Remember When Hiking Was Racist?
Flashbacks to 2020 while hiking in Hawaii
I’ve been in Hawaii this last week (one of my favorite destinations) ostensibly for a conference but mostly to be in Hawaii. Despite that I’ve been to Hawaii 6 times now, I’d never hiked to a water fall so this time decided to hike to Manoa Falls1, a popular hiking destination.
The Manoa Falls hike itself isn’t bad if you don’t mind walking uphill for about an hour. At the falls itself there’s a second trailhead for ‘Aihualama Trail which was rated as moderate in difficulty. This trail goes for an hour or so over Banyan tree roots, under fallen trunks, on treacherous, muddy ledges, etc. I finished it and the payoff view is amazing, but I did wonder if that was “moderate” what Hawaii considers a “difficult” hiking trail2. Should I expect a troll asking riddles three to allow me to pass?

Anyway, on the way down from the peak3 I happened to pass a gentleman on his way up. We had a brief exchange, which he initiated, as hikers do. It went something like:
Him, “Phew, almost there.”
Me, “Yep, you got it, not far now.”
Totally normal, throw-away pleasant exchange by two strangers enjoying a mutual, challenging activity. Probably we evolved to have these little social exchanges to signal friendliness and lack of aggressive intent. “I’m not invading your territory. It’s a muddy rainforest, you can have it!”
In this case, the gentleman in question happened to be black and I, of course, am Irish/Scottish/English white, though I do joke I’m the world’s tannest Irishman. To a sane person, this observation about our races is meaningless because “race” is dumb, we’re not defined by it, and race had nothing to do with our exchange.
It did remind me though of one of the sillier moments of the 2020+ race panic. For those who have forgotten, and God bless you if you have, some progressive activists (often white themselves) started to see white supremacy in literally everything. Including hiking.
Don’t take my word for it. News articles from the time say it pretty bluntly.
This 2021 article from CNN goes on at length about the “Whiteness” of national parks. A 2023 article by the Green Mountain Club talks about “decentering whiteness” in hiking. Pointing out that, you know…it’s outdoors and anybody could go there led to lectures about “privilege” because apparently all hikers lived pampered childhood lives with plenty of leisure time and money for gear4. And of course there were various videos, some humorous, but others legit complaining about “microaggressions” because white hikers were perceived as “too friendly” for having the exact sort of exchange that was initiated by my black colleague on the trail5.
Oddly enough, this wasn’t my first “reverse cliché” in Hawaii. On my last trip, an Asian woman stranger spontaneously asked me where I was from when we were both climbing Diamond Head. Naturally, I immediately reported her to the microaggression police.
These types of exchanges are absolutely normal and healthy. It’s human beings relating in superficial, sure, but friendly ways. Racism exists, sucks, and should be confronted when it occurs.

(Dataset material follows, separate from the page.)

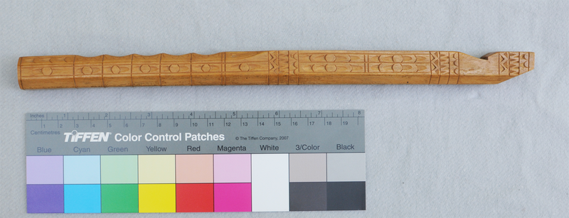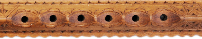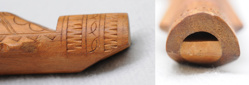 Kroatien, 1970er Jahre (?). Ahornblock. Fünf Grifflöcher, leicht schräg (3°) zur Rohrachse. Vorderständiger Rechteck-Aufschnitt. Länge 30,4 cm, von Labiumkante zu Austritt 26,9 cm, Breite 2,1 cm, Höhe 2 cm. Bohrung 11 mm. Tonhöhen bei nacheinander geöffneten Löchern ca. cis2 dis2 e2 fis2 g2 gis2.

But trying to turn ordinary, innocuous exchanges into insidious episodes about race was deeply unhealthy and neurotic.
I guess, sure, when someone asks, “Where are you from?” they could be motivated by deep racist instinct and a desire to make you feel unwelcome. Or maybe they’re making obvious small-talk. I have a suspicion which of these two assumptions that people may make are associated with better mental health.
This was always my concern about the 2020 race panic. It probably succeeded in the goal of getting people to think a lot more about race. But rather than bind people together, I suspect the outcome was to drive wedges between people based on really stupid criteria such as the color of their skin, the shape of their genitals, which God they worship, etc. And yes, with those doors opened, some on the right have predictably taken the invitation to talk about race more openly in order to spout disgusting examples of explicit racism (see the absurd case of Shiloh Hendrix).
Thank god the worst of that is behind us (I think6), though it lingers on in corners of the far-left and far-right. Maybe we should figure out how to let those two microgroups enjoy each others’ company and leave the rest of us to interact as human beings, however much melanin God may have given us.
As to my friend on the mountain, I hope you loved those views!
And, yes, I keep wanting to call it Moana Falls.
The AI picture doesn’t do it justice. It was narrower, without rocks underfoot, mainly, with steep drop offs, a lot of rough terrain. Most hikers on that trail didn’t have poles, but I’m also not sure how much they would have helped.
Which is Mount Tantalus, 1643 feet.
I, for one, did not.
It will surprise probably no one to also find articles complaining white hikers aren’t friendly enough.
I say this not because there aren’t both left and right spaces that continue to be hyper-neurotic about identity issues…of course that’s still the case…but the cultural cache of those movements are nowhere near what they were in 2020. Given the peaks of it’s power in 2020-2022, the collapse of the race moral panic has been surprisingly fast.